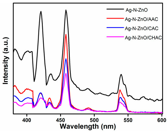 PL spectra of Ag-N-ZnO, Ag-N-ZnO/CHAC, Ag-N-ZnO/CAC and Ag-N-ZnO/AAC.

■ ■ ■ ■

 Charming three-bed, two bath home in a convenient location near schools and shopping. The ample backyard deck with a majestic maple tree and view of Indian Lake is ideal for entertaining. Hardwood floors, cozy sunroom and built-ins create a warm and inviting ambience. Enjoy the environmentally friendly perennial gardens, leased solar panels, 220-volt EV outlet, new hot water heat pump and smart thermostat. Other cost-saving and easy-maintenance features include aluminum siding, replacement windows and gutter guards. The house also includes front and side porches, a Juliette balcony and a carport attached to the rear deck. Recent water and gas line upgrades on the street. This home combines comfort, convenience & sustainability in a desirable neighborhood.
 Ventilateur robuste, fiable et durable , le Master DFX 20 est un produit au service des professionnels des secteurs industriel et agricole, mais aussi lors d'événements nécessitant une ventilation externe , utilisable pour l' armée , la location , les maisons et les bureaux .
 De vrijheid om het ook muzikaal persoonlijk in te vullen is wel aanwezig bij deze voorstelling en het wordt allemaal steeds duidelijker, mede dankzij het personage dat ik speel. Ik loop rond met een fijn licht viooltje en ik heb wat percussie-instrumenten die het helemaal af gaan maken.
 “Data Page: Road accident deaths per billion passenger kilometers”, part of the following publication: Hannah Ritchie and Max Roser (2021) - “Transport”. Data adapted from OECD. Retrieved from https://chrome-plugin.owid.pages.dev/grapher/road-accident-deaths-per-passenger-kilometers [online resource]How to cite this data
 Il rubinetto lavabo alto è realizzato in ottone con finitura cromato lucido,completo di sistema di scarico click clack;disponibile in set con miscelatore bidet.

■ ■ ■ ■

▶ WHAT YOU SHOULD DO
Retype only this portion of the data above: the line containing "Ventilateur robuste, fiable", the line containing "De vrijheid om", and all lines between them, exactly.

▶ SOLUTION BELOW
 Ventilateur robuste, fiable et durable , le Master DFX 20 est un produit au service des professionnels des secteurs industriel et agricole, mais aussi lors d'événements nécessitant une ventilation externe , utilisable pour l' armée , la location , les maisons et les bureaux .
 De vrijheid om het ook muzikaal persoonlijk in te vullen is wel aanwezig bij deze voorstelling en het wordt allemaal steeds duidelijker, mede dankzij het personage dat ik speel. Ik loop rond met een fijn licht viooltje en ik heb wat percussie-instrumenten die het helemaal af gaan maken.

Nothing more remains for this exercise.